You can easily adapt this project in your own Hugging Face account:

- Open this Space on Hugging Face.

- Click "Duplicate this Space" (top-right corner).

- Create a `.env` according to `.example.env`.

- Modify `src/` for your preprocessing pipeline and model class

- Modify `predict()` inside `predict.py` to perform model inference while keeping the function skeleton unchanged to remain compatible with the leaderboard.

- Modify `train.py` according to your model and preprocessing pipeline.

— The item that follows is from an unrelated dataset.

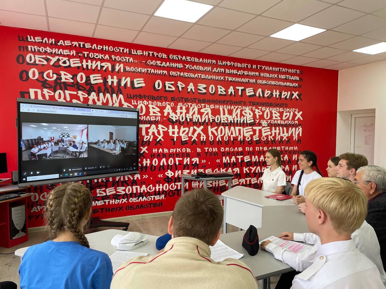 В исторический день телемост также состоялся между двумя гимназиями №7 – города Стаханова Луганской Народной Республики и села Донского Ставропольского края. Учащиеся обменялись опытом патриотической работы: гимназисты Ставрополья рассказали о деятельности юнармейского отряда «Слава» и ученической бригады «Ровесник», а их сверстники из ЛНР – о развитии пионерского движения и проекте «Луганский характер».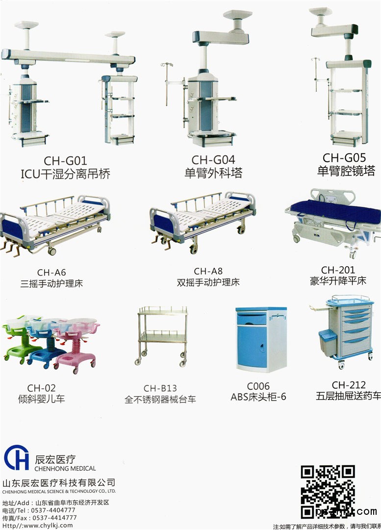 公司關注中國醫療衛生事業、奉獻人類健康事業為己任。利用本身的技術特長,引進德國、日本、美國等國外外先進技術,本著科技創新的發展理念,不斷自主開發科技新產品和適應市場需求的產品。公司主要生產手術無影燈、電動手術臺、醫用吊塔、吊橋、醫用病床、推車、醫用柜臺等醫用設備。)

- Modify the file inside `config/` to contain all hyperparameters that are set in `train.py`.
That’s it, your model will be available as an API endpoint for the Tox21 Leaderboard.

# Installation
To run the GIN classifier, clone the repository and install dependencies:

```bash
git clone https://huggingface.co/spaces/ml-jku/tox21_gin_classifier
cd tox21_gin_classifier
pip install -r requirements.txt
```

# Training

To train the GIN model from scratch, run:

```bash
python train.py
```

These commands will:
1. Load and preprocess the Tox21 training dataset
2. Train a GIN classifier
3. Store the resulting model in the `checkpoints/` directory.

# Inference

For inference, you only need `predict.py`.

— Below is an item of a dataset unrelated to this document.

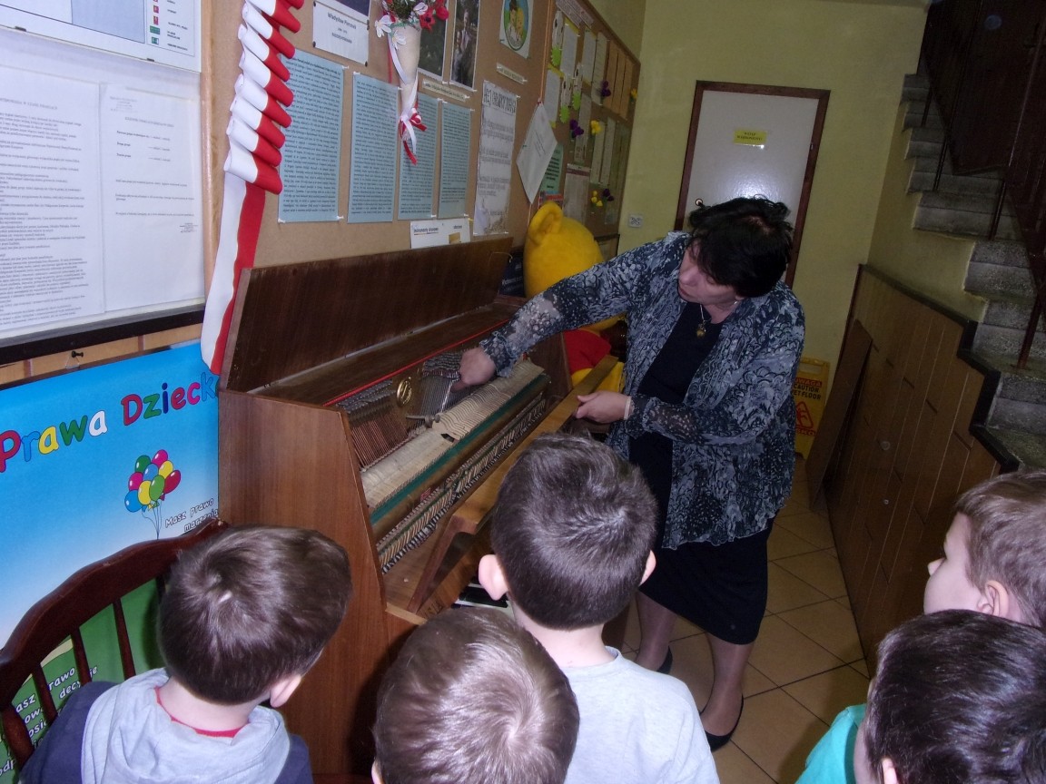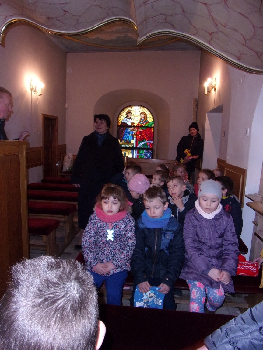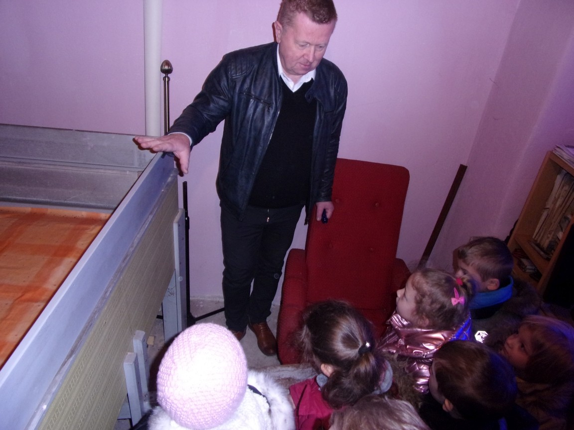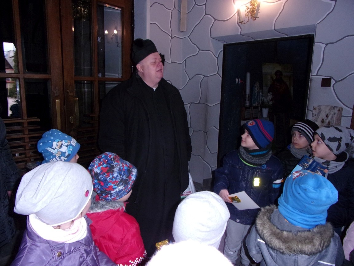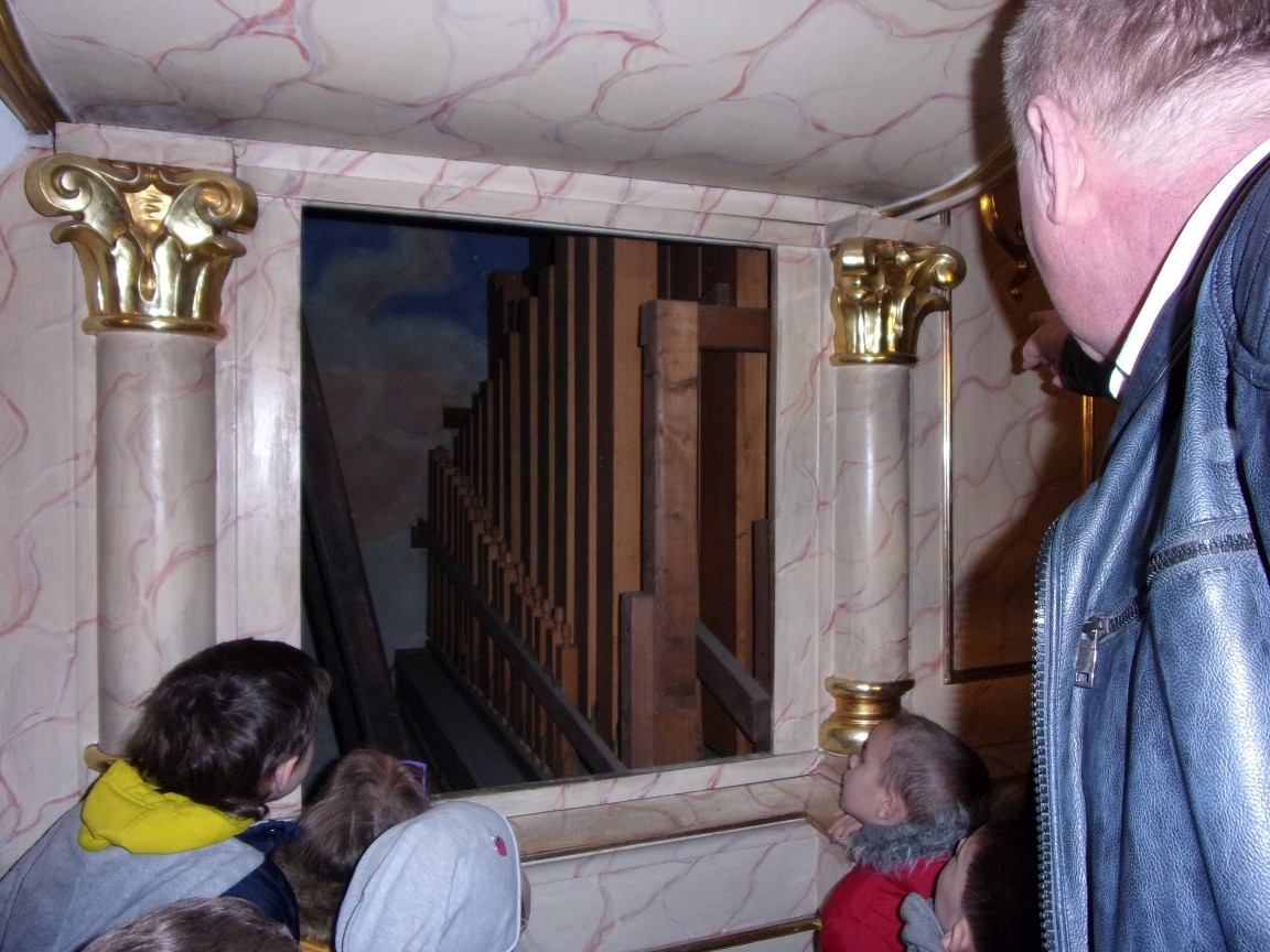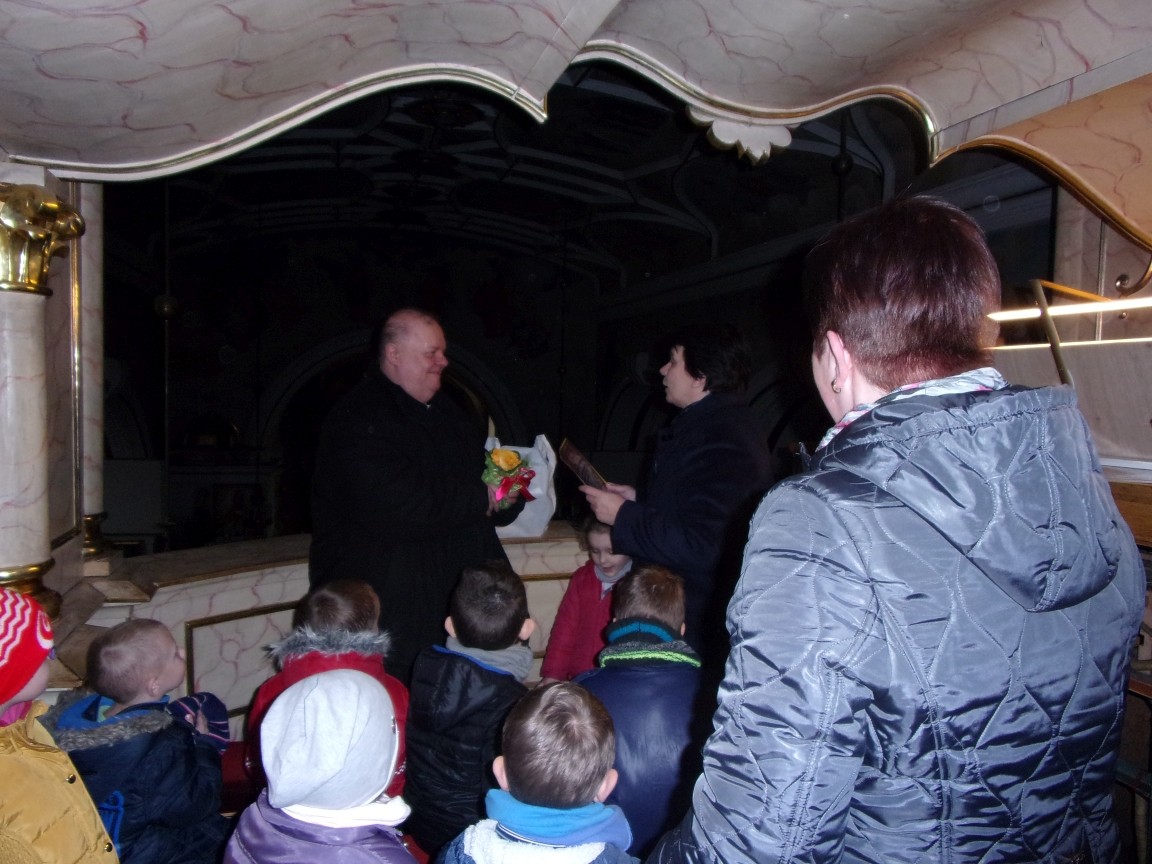 Organista Pan Jerzy Greń w niezwykle przystępny sposób przybliżył przedszkolakom i ich wychowawczyniom wszystkie tajniki królewskiego instrumentu. Z zapartym tchem dzieci słuchały granych przez niego utworów Jana Sebastiana Bacha. Entuzjazm wzbudził fragment  etiudy zagrany przez Pana Jerzego… nogami! Dzieci podziwiały imponującą konstrukcję organów kościelnych. Dowiedziały się, że przepiękna fasada organów widoczna dla wszystkich odwiedzających Kościół, to zaledwie niewielka część królewskiego instrumentu. Pan Jerzy opisał  działanie piszczałek organowych (osiągających nawet  5 m wysokości), wentylatora i pulpitu z trzema klawiaturami. Zaprezentował też historyczną już dzisiaj funkcję „kalikanta”, mechanicznie napełniającego miechy organowe powietrzem. Zachwyt dzieci wzbudziło malowidło na stropie chóru, o którym Ks. Jan Kracik napisał w swoim opracowaniu „Radziechowy. Parafia z jagiellońskich czasów” : „Na chórze- malowana na platformie muzykalna św. Cecylia patronuje pracy pana organisty, a szyba o zachodzie słońca przepuszcza promienie przez czerwone i niebieskie szaty Barbary i Katarzyny”.  Z całego serca dziękujemy Księdzu Dziekanowi oraz Panu Jerzemu Greniowi za niezwykle wartościowe spotkanie.

Example usage inside Python:

```python
from predict import predict

smiles_list = ["CCO", "c1ccccc1", "CC(=O)O"]
results = predict(smiles_list)

print(results)
```

The output will be a nested dictionary in the format:

```python
{
    "CCO": {"target1": 0, "target2": 1, ..., "target12": 0},
    "c1ccccc1": {"target1": 1, "target2": 0, ..., "target12": 1},
    "CC(=O)O": {"target1": 0, "target2": 0, ..., "target12": 0}
}
```

# Notes

- Adapting `predict.py`, `train.py`, `config/`, and `checkpoints/` is required for leaderboard submission.

- Preprocessing (here inside `src/preprocess.py`) must be done inside `predict.py` not just `train.py`.